The article didn't provide an answer and I had to do a little research to discover What are the obstacles for the widespread adoption of Bitcoin in crowdfunding and micro-financing? (quora.com). Of the many reasons that were proposed, most of which work against adoption of bitcoin for any purpose, the 'volatility of bitcoin' seemed to be the most important for crowdfunding. Going back to an insight I had a year ago, It's for Speculating, Not Buying Stuff (October 2015), crowdfunding is already speculative enough without adding currency risk.

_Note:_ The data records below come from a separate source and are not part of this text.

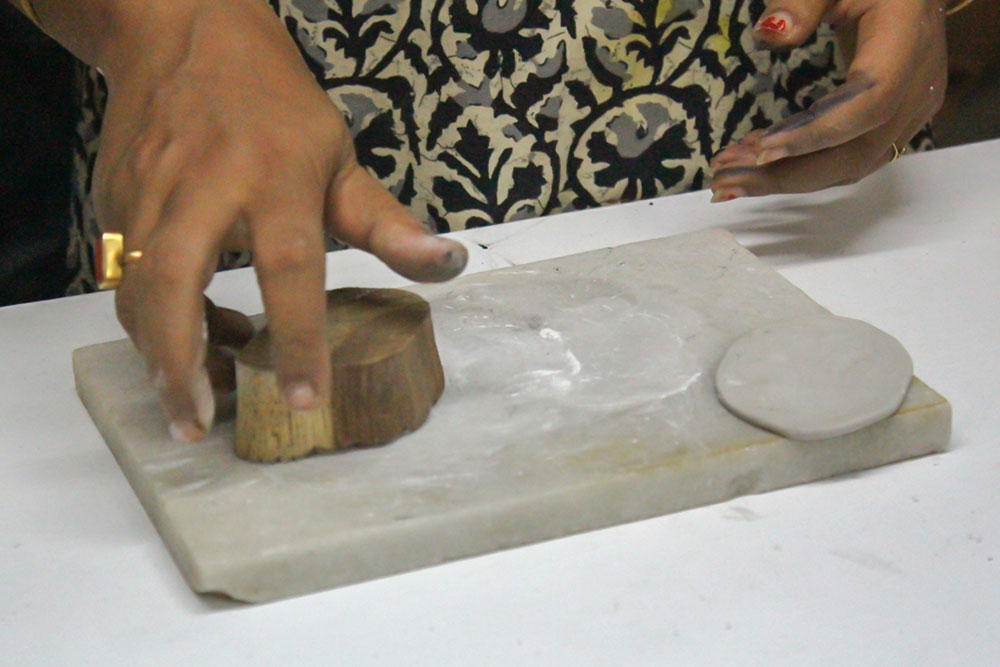 Firstly, the artisan starts with the production of the clay required for the craft. Here epoxy compound white M-seal and polyamide hardener are mixed separately with silica powder for lighter and darker shades of clay. When these materials are mixed, a chemical reaction takes place to harden the mixture. This produced clay is then dusted with talcum powder for a hard yet smooth texture. When the clay is ready, it is flattened with a rolling pin and cut into three diamond shapes with a knife. These shapes are then transferred on to the bamboo board to make a pendant. Later, a hole is pierced at one side edge to hold metal rings. This step is followed by designing clay molds with different impressions created using wooden motifs. After the clay mold dries, it is painted with dramatic 3D acrylic colors for an embossed look and unique texture. Then a jewelry wire is cut using a cutter and pierced into the jewelry hole to make a ring-like structure. The artisan then inserts a black cotton rope to make a pendant. This is how a beautiful pendant is made ready to wear and match up with any attire.
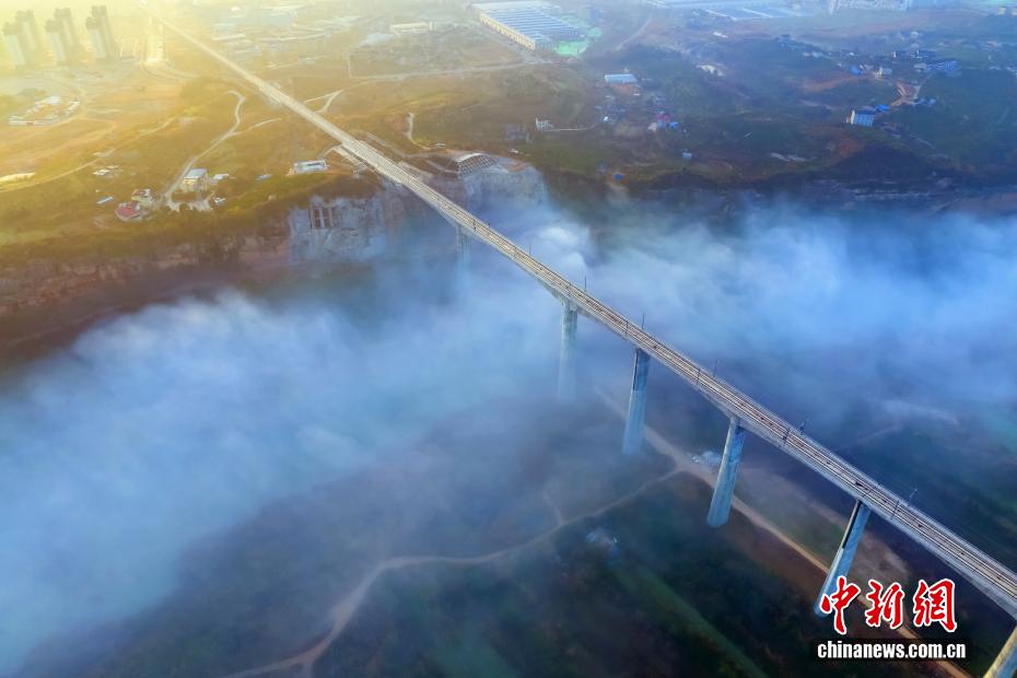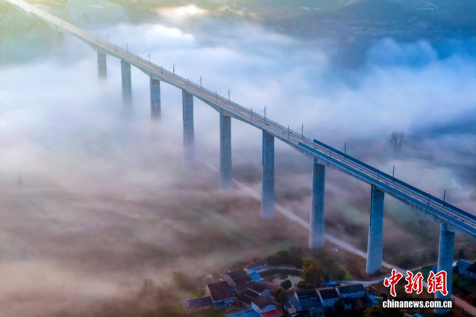 受河谷濕地冷暖氣流交匯影響,黃柏河生態濕地連日來出現平流霧景觀,宛如仙境。黃柏河位于湖北省宜昌市,是長江一級支流,也是三峽庫區生態屏障,以前由于礦山堆場沿河布設,水質一度惡化。近年來,當地統籌推進黃柏河水生態和水環境綜合治理,打造人與自然和諧共處的濕地生態體驗區,讓黃柏河重現碧波蕩漾的美景。圖為黃柏河特大橋宛如巨龍穿梭云端。
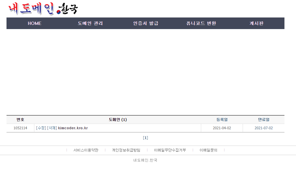 필자는 이미 kimcoder.kro.kr라는 도메인을 발급 받았기 때문에 등록 불가가 나온 것이다.

In contrast to the crowdfunding chimera, another pair of stories focused on an aspect of bitcoin that is often touted as a key application: remittance markets. This might be a suitable subject for a followup post.

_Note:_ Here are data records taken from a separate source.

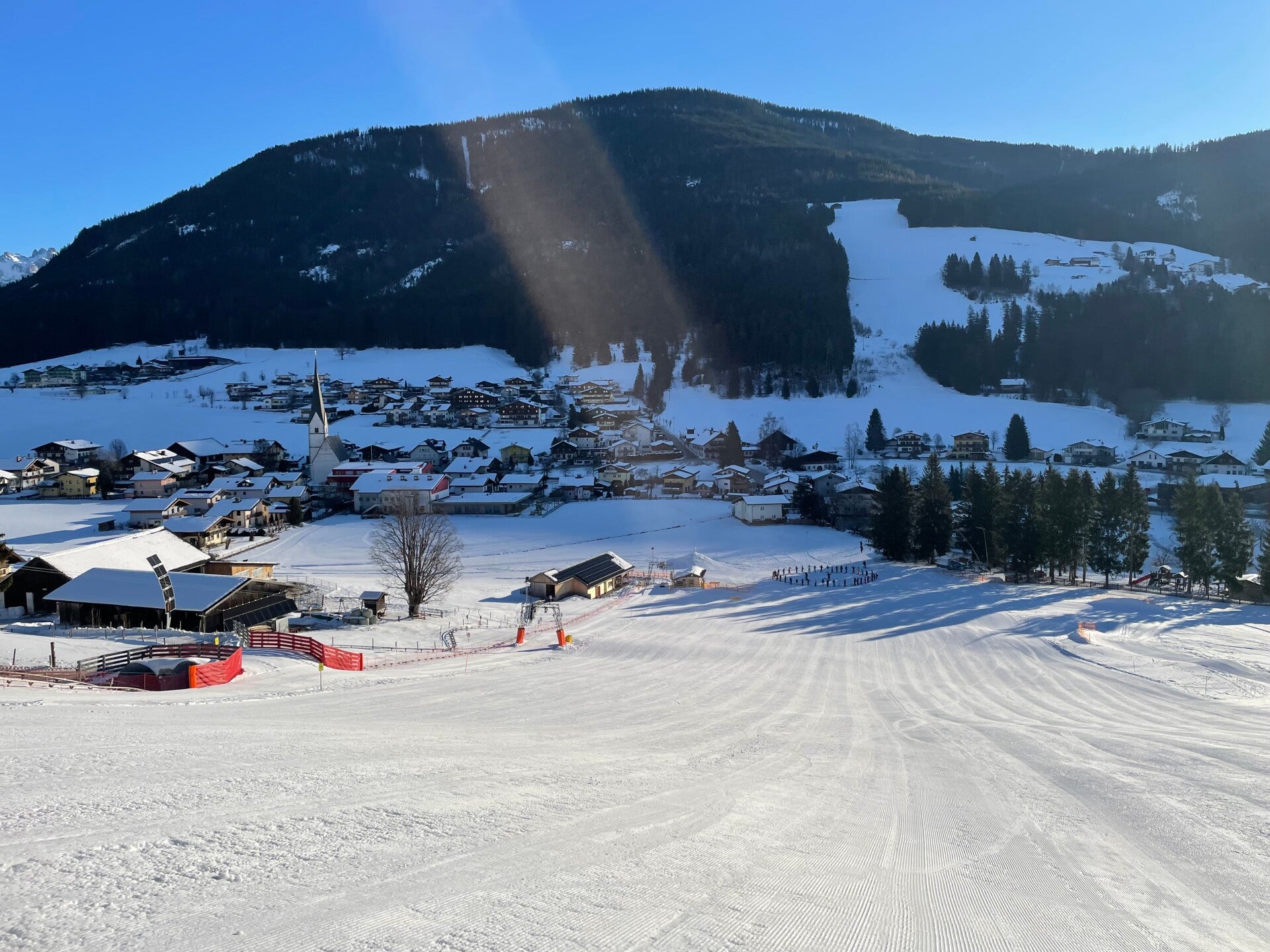 Vandaag een dag zonder skiën. Daarom staan we morgen een hele dat op de latten. 3 groepen blijven in St.-Martin en de hoogte groep gaat al een keer naar Dachstein-West op verkenning.
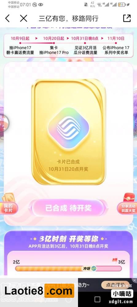 你们中国移动(三亿有你)集好了没?碰碰运气说不定中苹果呢 持家老铁 • 3小时前 • 时时线报 • 阅读 1 淘宝捡漏群 点击这里加入本站QQ群、线报群、微信群一起交流参加各种活动项目和线报 你们中国移动(三亿有你)集好了没?碰碰运气说不定中苹果呢 点此加入老铁吧线报推送QQ群:1004763262 点击这里加入本站QQ群、线报群、微信群一起交流参加各种活动项目和线报 京东神车bug群
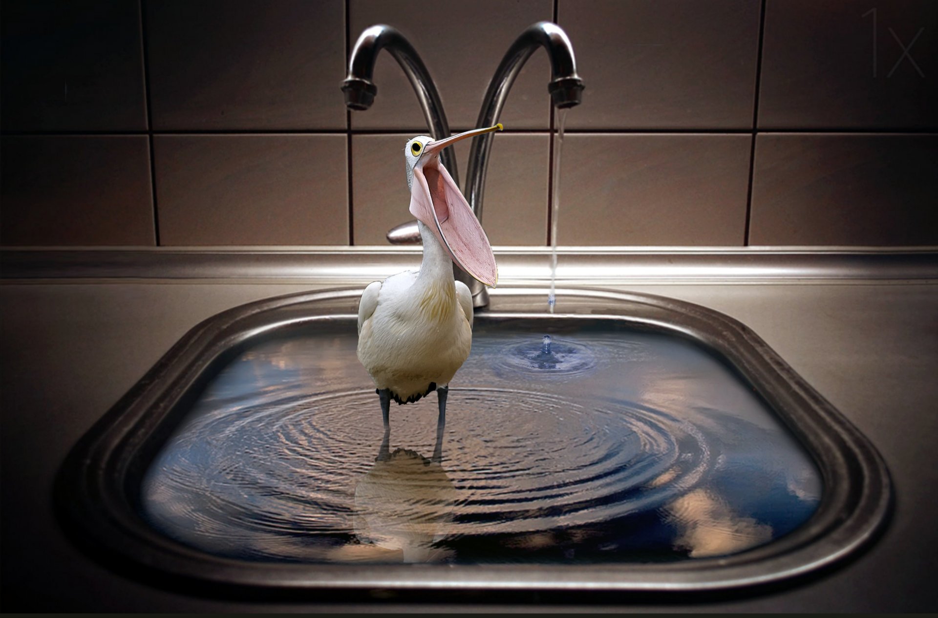 A pelican bird stands in a sink with water
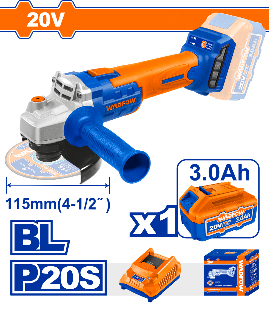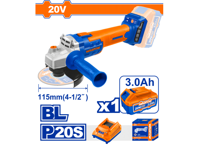 AMOLADORA A BATERIA 20V C BAT 3AMP Y CARGADOR WADFOW WLAPM21

Another story caught my eye because it used the phrase 'Yet Another', implying a tired subject. When I looked for previous instances, I kept coming back to the Santander report. Mark this as another candidate for a followup post.

Ditto for the final story.

It helps to know that 'Brave' is the name of a browser. Why is this concept important?

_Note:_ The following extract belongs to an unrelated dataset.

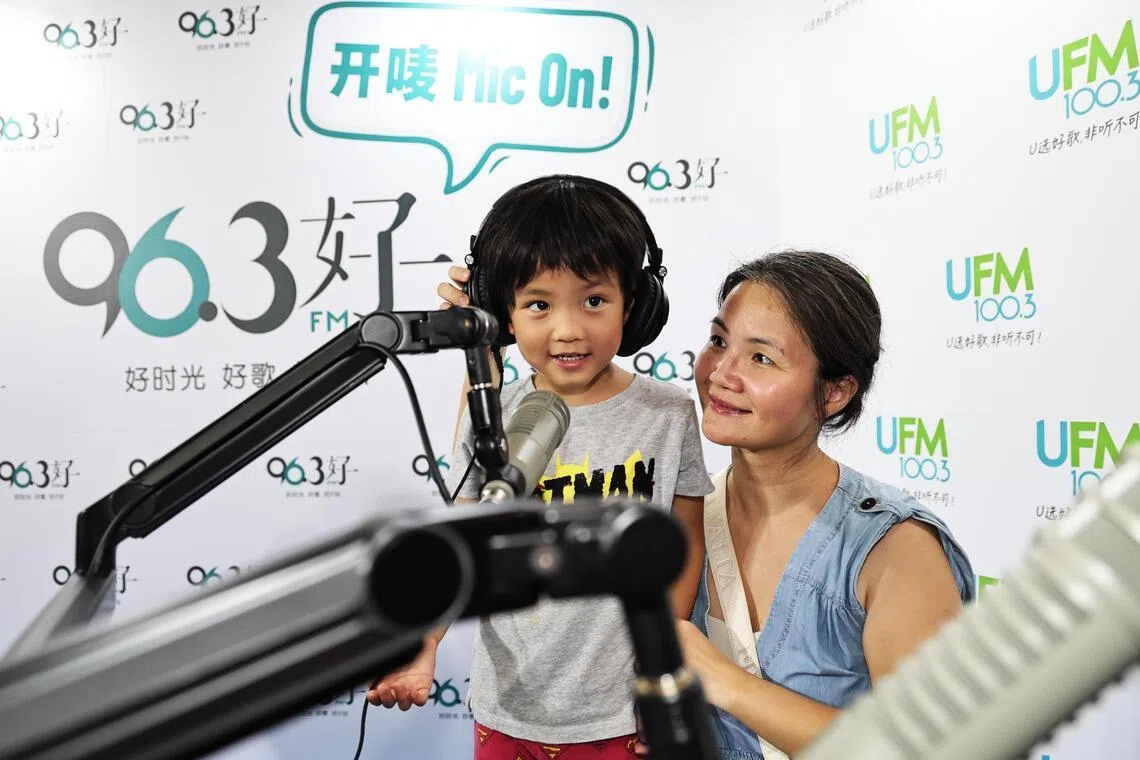 Homemaker Katy Mak, 42, with her son Lim Jia Cheng, five, at the radio station booth.
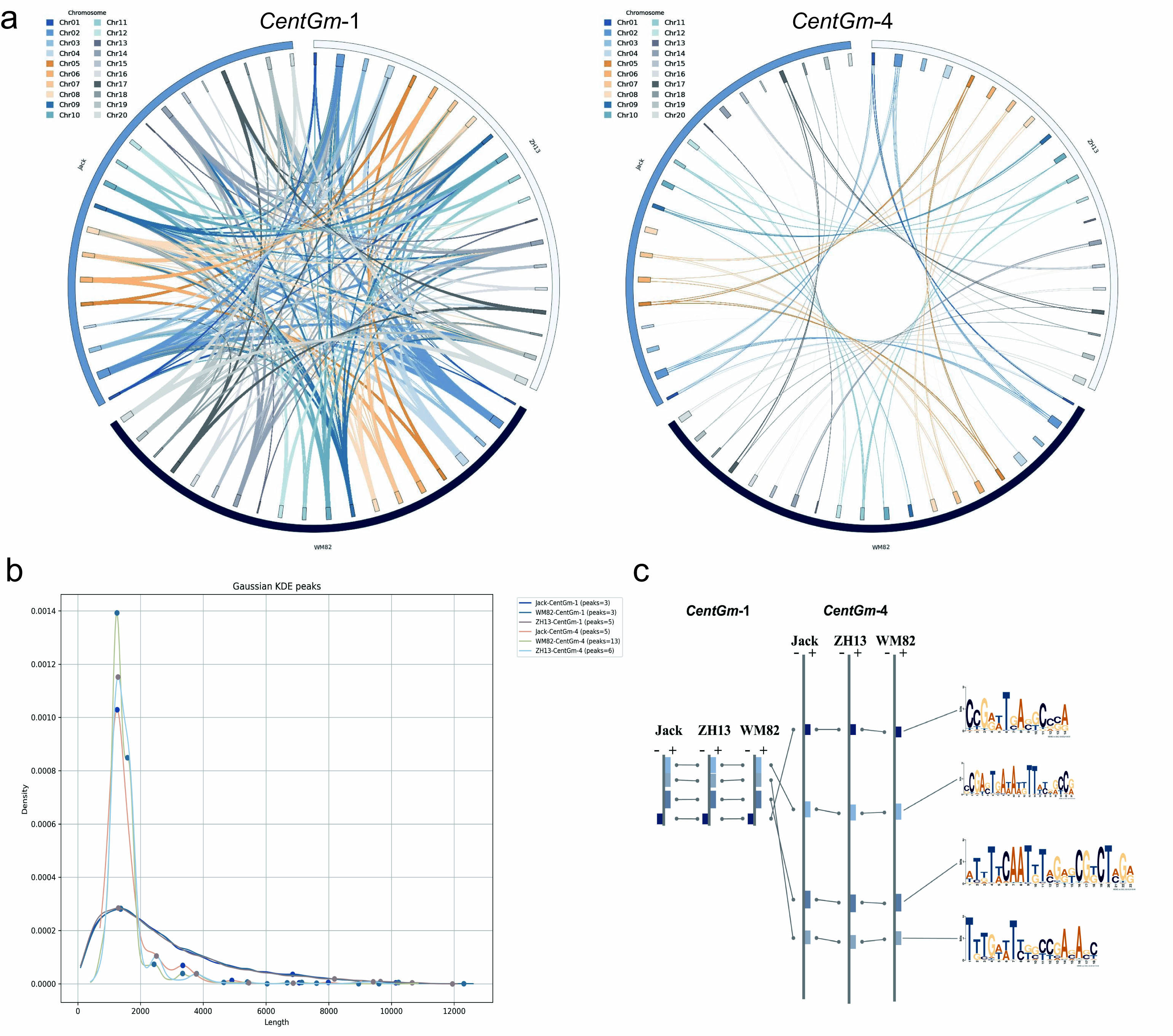 We conclude that CentGm-1 and CentGm-4 evolve independently. The observation that completely identical CentGm-4 sequences consistently appear on the same chromosome across different soybean varieties indicates a stronger chromosome-specific preference for CentGm-4. We propose a model in which replication templates within the centromere region originate from multiple CENH3-nucleosome complexes bound to CentGm sequences. Both CentGm-1 and CentGm-4 contain similar motifs with the potential to bind CENH3 protein. The findings provide a new insight into the mechanisms behind centromere diversity and dynamics.

To start, a monthly payment content budget is configured and funded by the user, and as the user surfs across the Internet, visiting various sites, those sites are tracked on a “time spent” basis. [...] Quick back-of-the-napkin math would indicate that if 750,000 users visited CoinDesk using a Brave browser with a $5.00 monthly budget, and 6% of their browsing time was spent, on average, across all users, CoinDesk’s escrow account would be holding $213,750 at the end of the month. All of this without a single ad, without employing a single ad salesperson, sales infrastructure, any of that overhead.

The math would have been easier assuming 1,000,000 users, but it's all pie-in-the-sky anyway; a handful of comments explain why. The last paragraph of that article is also worth a further look (think 'organizational structures'):-

Disclaimer: CoinDesk is a subsidiary of Digital Currency Group, which has an ownership stake in Brave.

Note to myself: If you do follow up any of these ideas, don't forget to check the forums.

01 October 2016

Bitcoin in the News : 2016-09

September was a quiet month for bitcoin, both on this blog and in general. After posting Bitcoin in the News : 2016-08, I managed only to highlight a New Online Bitcoin Course followed by two posts on the old course.

As for general news, at least half of the stories served by Google alerts had to do with bitcoin price action -- which was a yawner as far as I could tell -- and the other half were lists like The 5 Greatest Moments in Bitcoin History (cointelegraph.com). No.1 was 'The Dawn of The Bitcoin Era (31 October 2008 - 12 February 2009)' -- who could have guessed that would be first? -- and you can read the article for the nos. 2 through 5.

As for 'news' -- with emphasis on the 'new' portion of the word -- the newsiest story was probably about bitcoin on the small screen: How Sony's New Show 'Startup' Gets Bitcoin Right (fortune.com):-

It was only a matter of time until someone made a TV show featuring bitcoin. Well, that show is here in the form of a 10-episode series called Startup, and, frankly, it does a good job of depicting the weird world of crypto-currency.

That story -- one of several about the show -- was complete with an embedded video and links to reviews. And that -- he said parenthetically -- was that!